Lynred & Umicore see better in the dark

Thermal sensing technology will protect VRUs in poor visibility - including sun glare
Detection, Monitoring & Machine Vision / September 16, 2022
By Adam Hill
Vulnerable road users thermal imaging road safety innovation © Evgeny Nekrasov |
'Protecting pedestrians in poor visibility conditions makes a strong case for thermal imaging' (© Evgeny Nekrasov |

Two companies have developed a product which they say will help to protect vulnerable road users (VRUs) where visibility is poor - such as at night, in bad weather such as fog - or even in sun glare.

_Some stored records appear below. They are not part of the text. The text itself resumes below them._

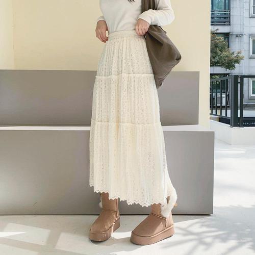 여성 레이스 플리츠 캉캉 밴딩 롱 스커트 여자 치마
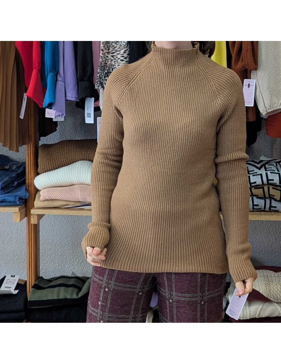 Jersey de punto acanalado, de cuello perkins y manga estilo ranglan. Tejido de punto grueso.
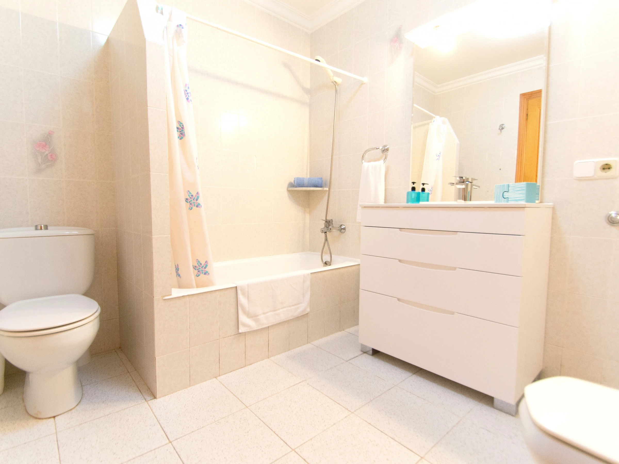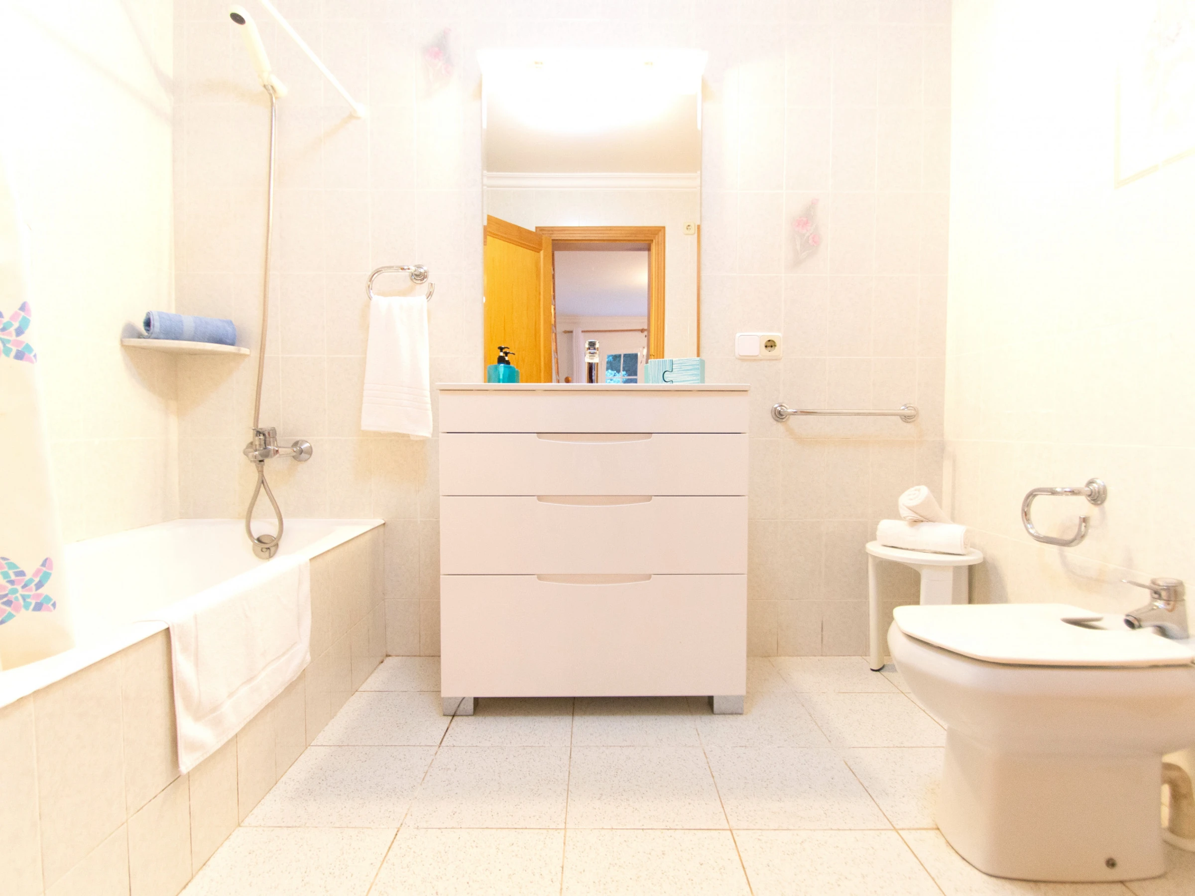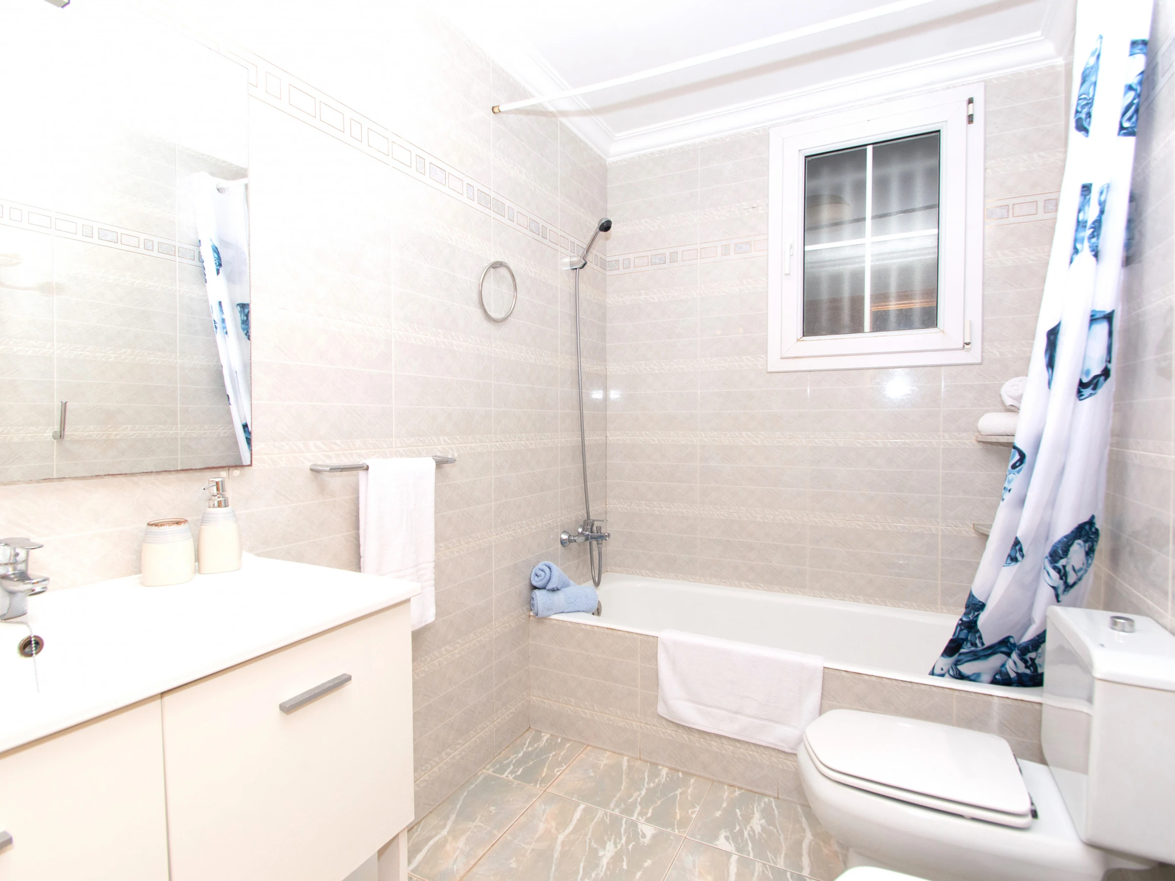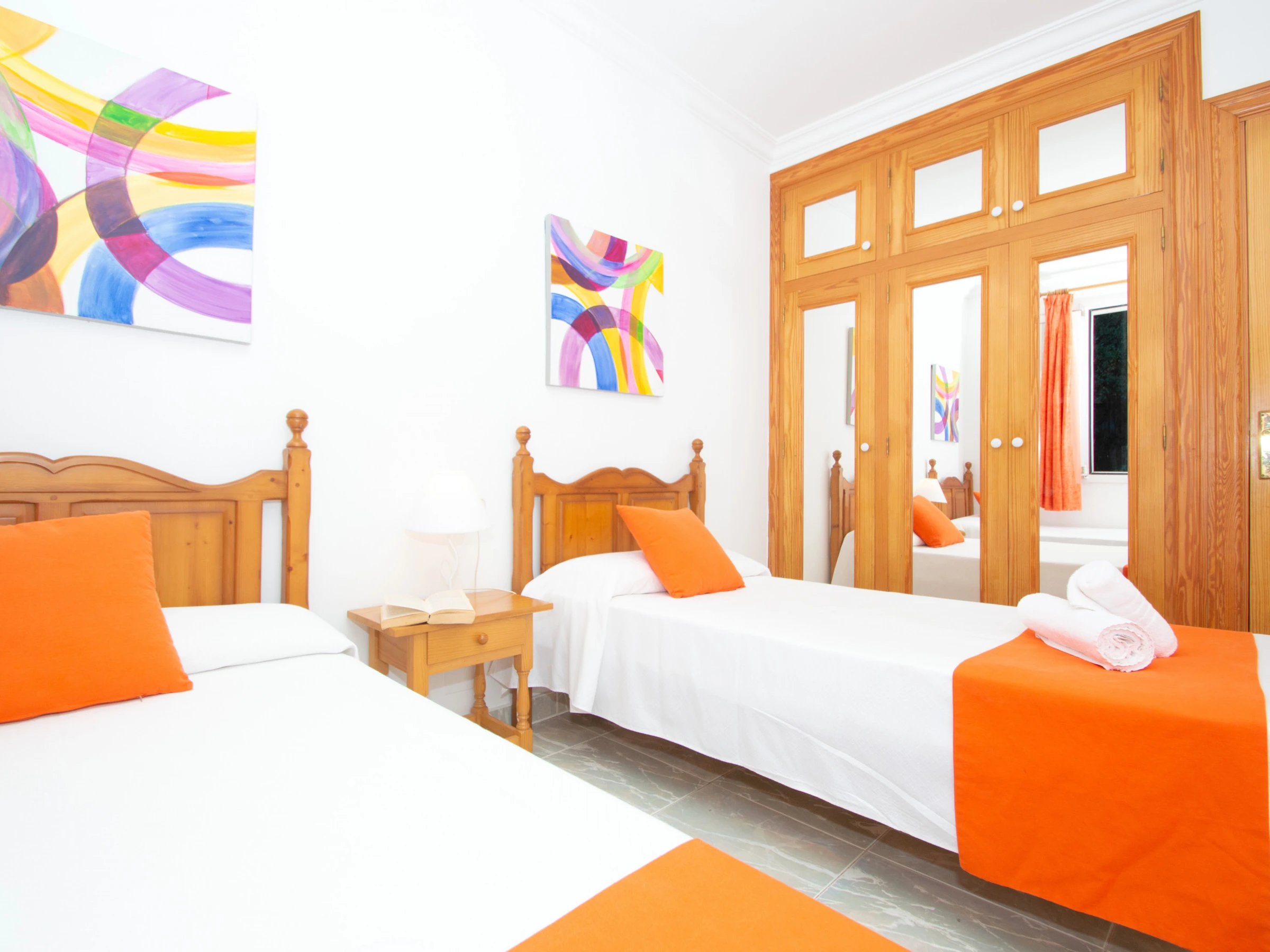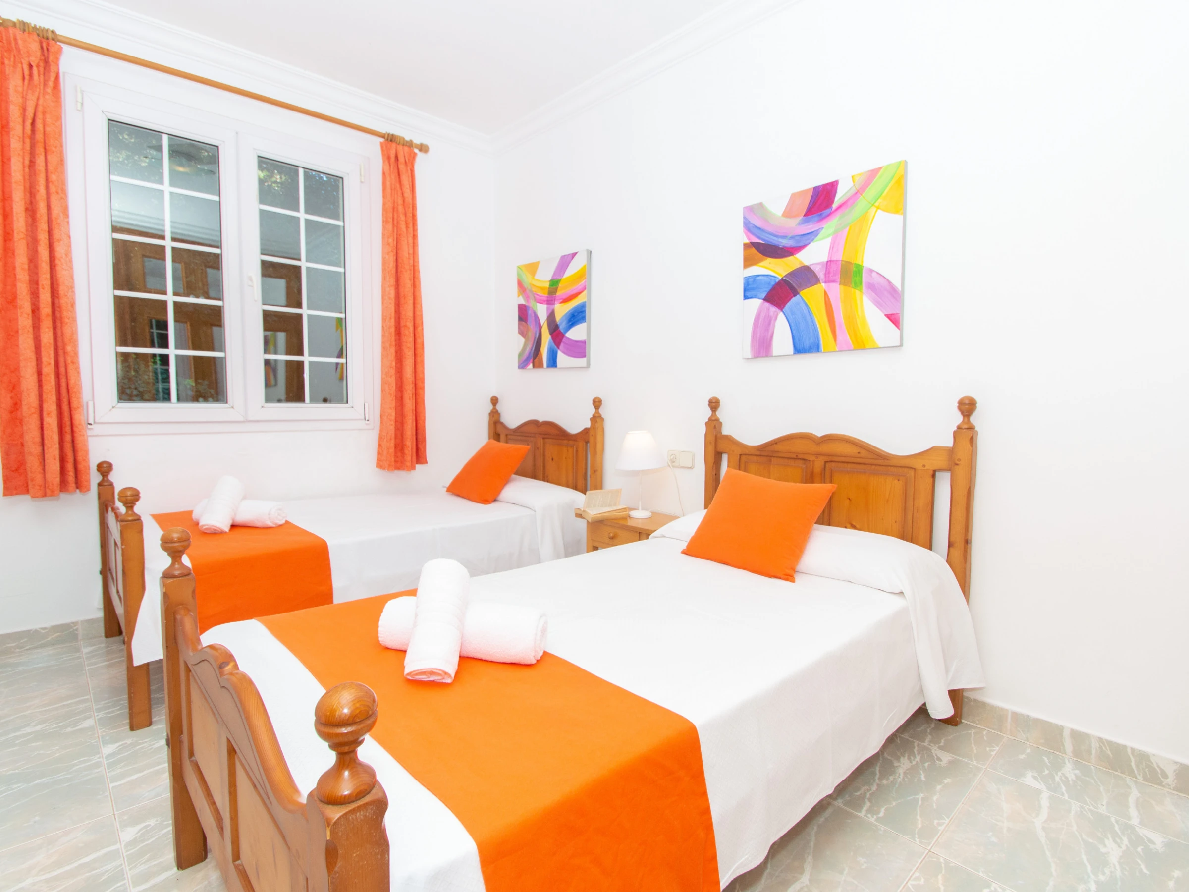 La villa en location à Minorque est répartie sur deux niveaux. Au premier étage se trouve la chambre principale avec lit double, climatisation et grande armoire encastrée. Sur ce même étage se trouvent deux autres chambres doubles, également climatisées : l’une avec deux lits simples et l’autre avec un lit double et un accès à la terrasse. Toutes les chambres disposent d’armoires encastrées et partagent une salle de bains complète équipée d’une baignoire et d’un sèche-cheveux.

Infrared detector specialist Lynred and tech firm Umicore say their next-generation thermal sensing technology will 'drastically improve' the performance of PAEB (pedestrian autonomous emergency braking) in vehicles when there are adverse lighting conditions.

They say more than half of the 1.3 million people killed in road traffic crashes each year are VRUs, "with roughly 75% of these fatalities occurring where visibility is poor". 
“Protecting pedestrians in poor visibility conditions makes a strong case for thermal imaging, which is well-established for being efficient in the majority of degraded visibility scenarios as it can detect and identify objects at greater distances and with more accuracy,” said Sebastien Tinnes, global market leader at Lynred.

He says the companies' project has linked together sensors and optics, "the two most critical parts of a thermal sensing system", and therefore optimises the capabilities and performance of next-generation PAEB systems.
A visible camera, along with a low-beam headlight, can detect at a distance of only 20-30m, thermal sensing can detect objects as far as 150-300m - and the firms say thermal sensing can also classify a living being (cyclist or deer, for example) from 100m-200m, depending on the sensor resolution (QVGA or VGA, respectively).

The thermal sensing technology for the new PAEB systems consists of a new 8.5µm pixel pitch microbolometer designed by Lynred and Umicore’s wafer-level lens technologies, and received funding under the European Heliaus project.

The solution - which the companies say provides "additional information vital for autonomous driving" - will be installed in a car equipped, internally and externally, with thermal cameras.